20. Mohammed Barakat January 31, 2018 at 2:57 pm #

Jason, this is such a great piece of work! Thank you.

I just want to check something. Does this spare us from splitting the data into train/test and validating the models by predicting the testing data? I.e. Do the accuracies ‘resampled’ reflect the in-sample-errors or they also cover the out-of-sample errors? Do we have to do any further validation on testing data?

Appreciated.

• Jason Brownlee February 1, 2018 at 7:15 am #

They are an estimate of the out of sample errors.

21. Clinton Cooper February 15, 2018 at 4:45 am #

I am trying to run this on a problem that is not classification (ie regression). Is there an equivalent model to LVQ for regression?

• Jason Brownlee February 15, 2018 at 8:50 am #

I believe there is. Sorry, I don’t have an example on hand.

22. Jane Kathambi July 23, 2018 at 12:49 am #

Good article,
Is there a cheat sheet that shows which models perfoms best for particulear data sets e.g classification inseparable versu separable data?

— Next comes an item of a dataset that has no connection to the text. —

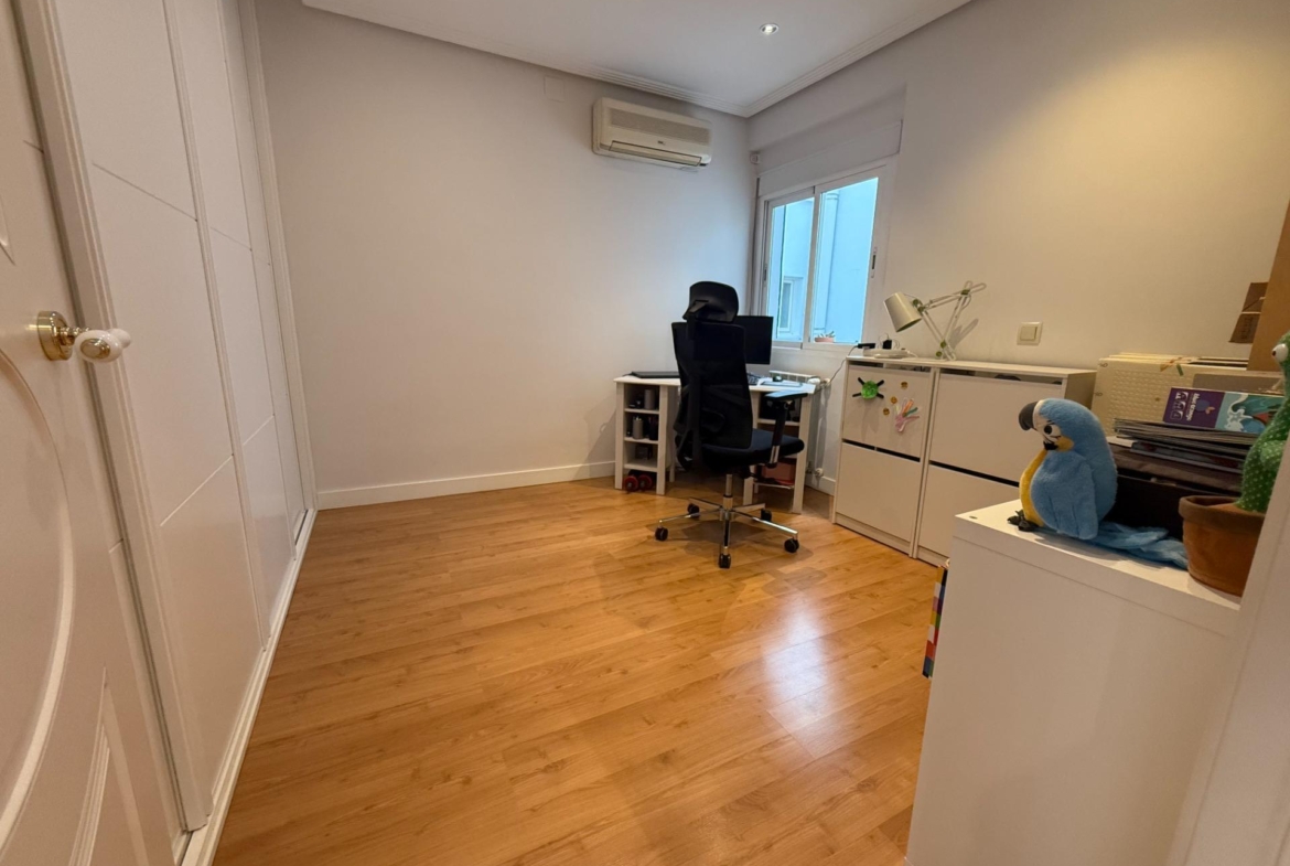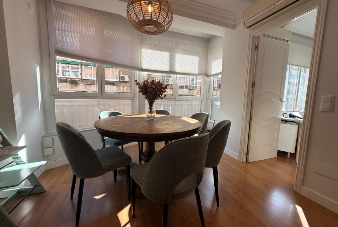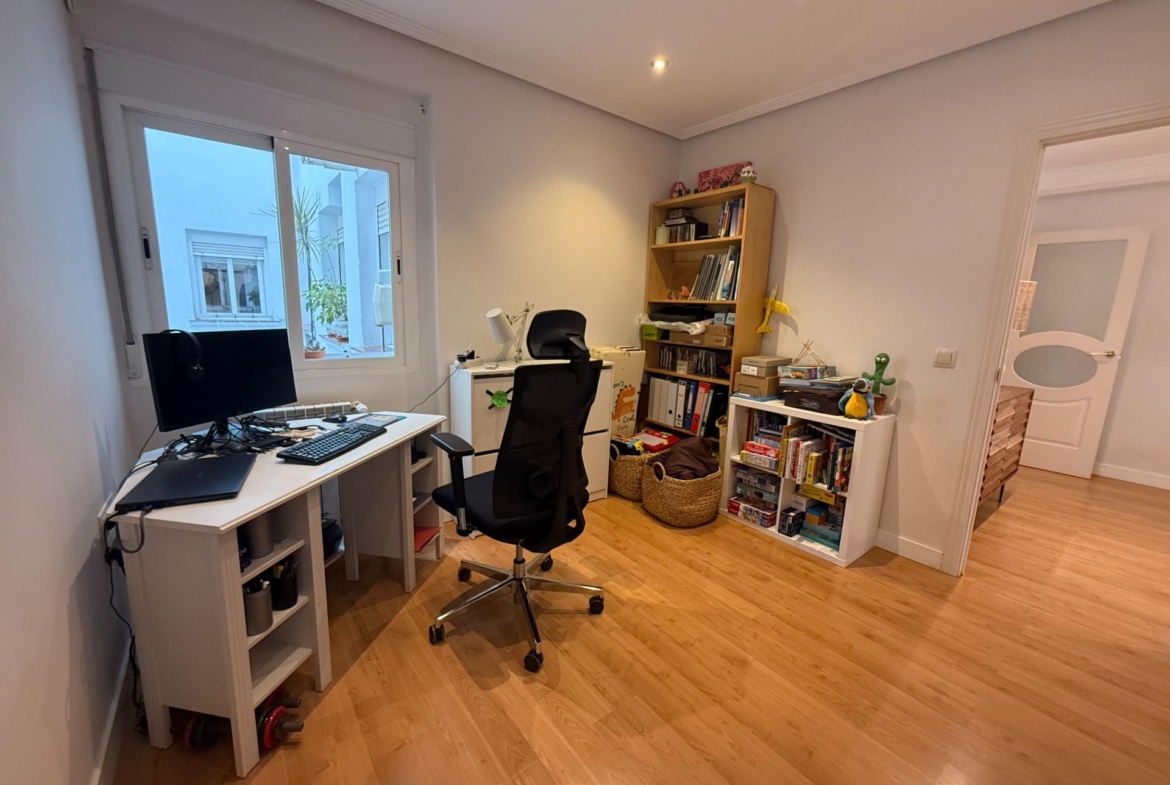 En cuanto a calidades, el piso dispone de calefacción central y agua caliente individual a través de una caldera , aire acondicionado tipo Split en todas las estancias, y suelos de tarima que aportan calidez y elegancia. La finca, por su parte, cuenta con portero, ascensor, acceso adaptado para personas con movilidad reducida y un portal representativo, impecablemente conservado, que transmite la solidez y categoría del edificio.

23. Chris August 11, 2018 at 7:57 am #

How does train select the best sigma and cost parameters if you do specify them, for svmRadial in particular?

• Jason Brownlee August 12, 2018 at 6:29 am #

It does not, it uses default values. You must use a grid search to find the best hyperparameter values for your dataset.

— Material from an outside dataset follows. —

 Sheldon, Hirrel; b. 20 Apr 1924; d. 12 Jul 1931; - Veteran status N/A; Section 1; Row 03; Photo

24. Joulien August 20, 2018 at 8:06 pm #

Dear Jason,
I hope you are doing well,

Please, do you have a comparison for regression models performance?

KJ

25. aadil October 14, 2018 at 8:37 am #

when i run it I am getting the following error:

> results <- resamples(list(decision_tree=fitdt, logistic_regresion=lm.fitlog,random_forest=lm.fitrandom))
Warning message:
In resamples.default(list(decision_tree = fitdt, logistic_regresion = lm.fitlog, :
Some performance measures were not computed for each model: Accuracy, Kappa, MAE, RMSE, Rsquared

26. Marcelo Falchetti October 30, 2018 at 5:31 am #

This is literally the best site of ML! I can always find useful and simple information! Thanks from Brazil!

27. Ruth April 28, 2019 at 6:24 am #

Thank you!

28. Skylar May 15, 2020 at 9:31 am #

Hi Jason,

Wonderful post! I wonder sometimes the dotplot and boxplot generate different model performance rank, I think it is because dotplot is based on accuracy mean and 95% CI, and boxplot is based on the median, right? If so, which one we should mainly rely on if we really want to choose the best one? Or do you think it is fine to report either plot? Thanks!

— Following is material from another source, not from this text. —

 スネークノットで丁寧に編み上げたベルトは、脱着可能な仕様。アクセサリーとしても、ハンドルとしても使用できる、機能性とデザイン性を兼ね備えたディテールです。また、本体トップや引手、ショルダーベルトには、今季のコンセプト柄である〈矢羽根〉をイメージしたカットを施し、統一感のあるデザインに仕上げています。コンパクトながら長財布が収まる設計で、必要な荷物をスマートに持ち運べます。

• Jason Brownlee May 15, 2020 at 1:28 pm #

Thanks!

I don’t recall sorry, you might want to check the documentation.

29. Christian January 27, 2021 at 8:20 am #

Hey Jason, thanks for material you’ve put here. Really valuable.

I’ve spot-checked several algos and picked the top 2 from their avg accuracy. However, I run them all against my test data and the ones that scored highest actually didn’t perform well with unseen data and the ones that ranked 3,4 and 5 in my results actually performed better with unseen data. which results should be considered more relevant here, the ones you get from train-cv or the ones from looking at my test data?

cheers.

• Jason Brownlee January 27, 2021 at 10:38 am #

You’re welcome.

Perhaps the hold out test set you’re using is small/not representative?

Perhaps focus on results from repeated k-fold cross-validation for model selection, then fit a final model on all data and start making predictions on new data?